Gangs of wrappers

NORTHWEST GLENDALE — Streets along Kenneth Village sparkled Monday morning after dozens of residents worked to clean up candy wrappers left behind by trick-or-treaters on Halloween night.

Residents and Hoover High School students volunteered Monday to clean up wrappers and trash dumped on neighborhood streets during the previous night's celebration.

Hundreds of trick-or-treaters frequent Kenneth Village every Halloween, hoping to pick up candy and see homes decked out in ghoulish decorations.
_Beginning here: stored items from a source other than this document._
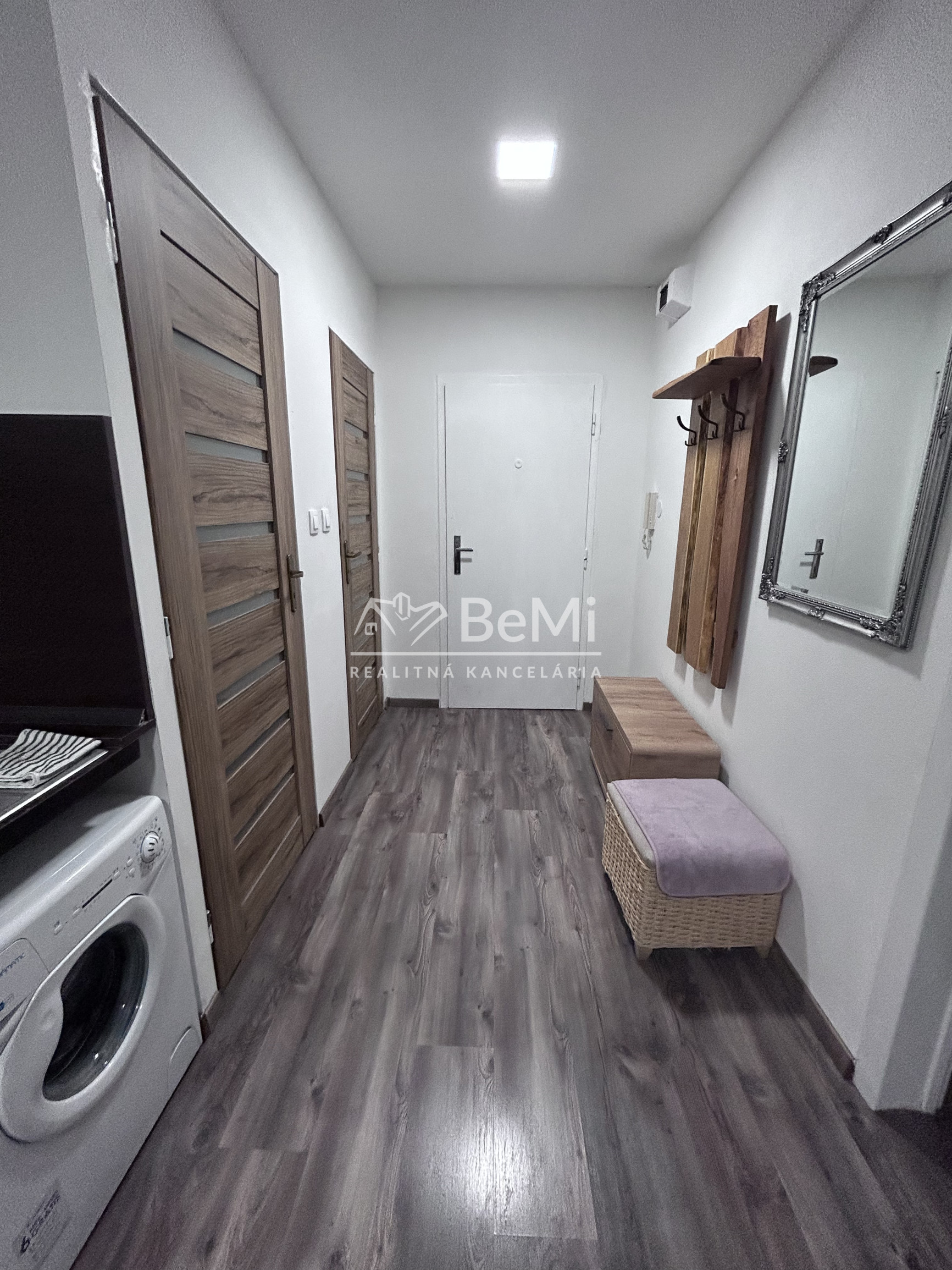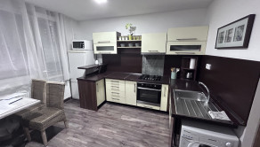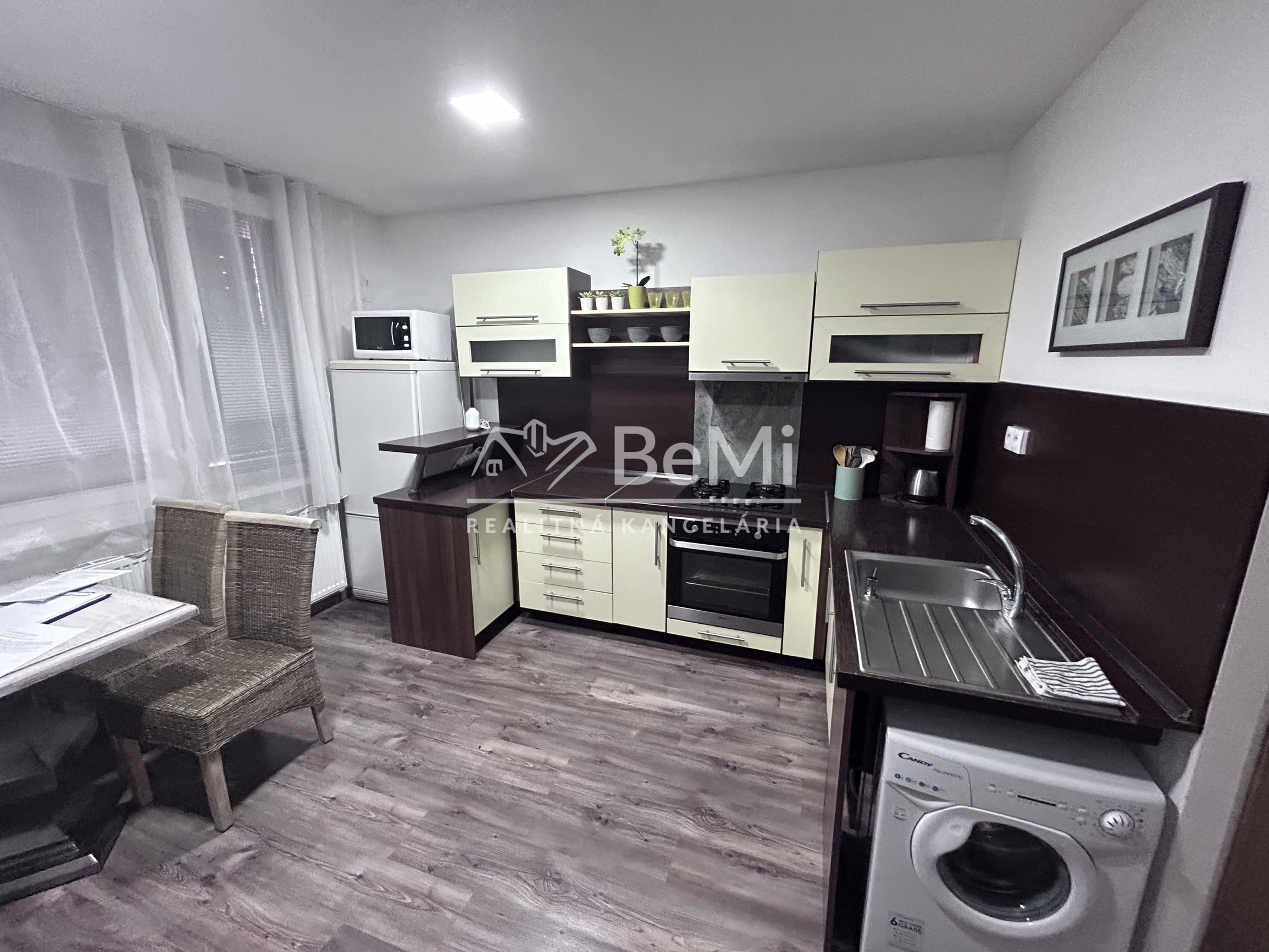 Vybavenie bytu: Kuchyňa s kuchynskou linkou, kombinovaným sporákom, mikrovlnkou, chladničkou,rýchlovarnou kanvicou, jedálenským sedením a jedálenskou komodou. Súčasťou kuchyne je aj pračka.
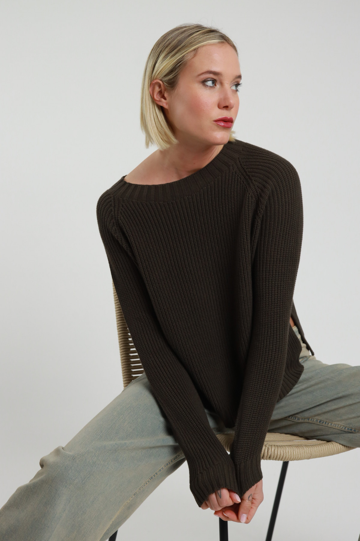 Maglioncino Punto Pannocchia, Scollo Leggermente A Barchetta Con Spacchi Laterali.
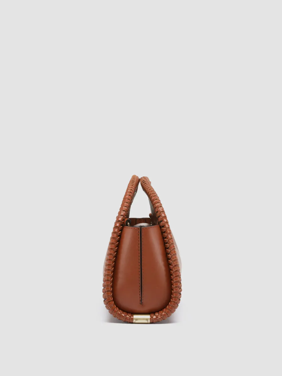 A rounded silhouette highlighted by woven leather profiles with golden details on the sides distinguishes our CABALA clutch bag in precious light brown leather. Featuring an adjustable and detachable shoulder strap, it reveals our lettering logo printed on the back, internal panel with magnetic fastening, suede lining, internal zip pocket and antiqued gold-tone metal hardware.

But while the night's activities have all been in good fun, the aftermath has provided its own scare for residents who were often stuck with the duty of cleaning up litter from neighborhood streets.

Last year, "it was so bad that you could barely see the concrete," said resident Cliff Claycomb. "It was just really kind of disgusting."

He recruited his three children to help rake up the mess, but this year, he mobilized a cleanup effort to make it more manageable.

He enlisted the aid of his neighbors and Joan Zierhut, a member of Committee for a Clean & Beautiful Glendale, secured additional help from the city's Neighborhood Services Department and nearby schools.

"I think this is a great lesson for all the kids," said resident Alis Pruett, who took her children along for the cleanup.

To reduce trash in the neighborhood, Claycomb said principals from the nearby schools agreed to remind students not to litter on Halloween.

"It really did work because there is literally half the trash that there was last year," he said.

To ensure trick-or-treaters had a place to throw their garbage, the city's Integrated Waste Management Division placed 40 trash cans on Kenneth Road from Pacific Avenue to Grandview Road, Neighborhood Services spokeswoman Sandra Rodriguez said.

Monday's post-Halloween cleanup is a first for the city, said Juan Gonzalez, Neighborhood Services program supervisor.

"This particular project shows how one individual rallied their neighbors, their schools and their city to work together," Gonzalez said. "We hope that this will inspire other people in neighborhoods throughout the city to do their own mini after-Halloween cleanups."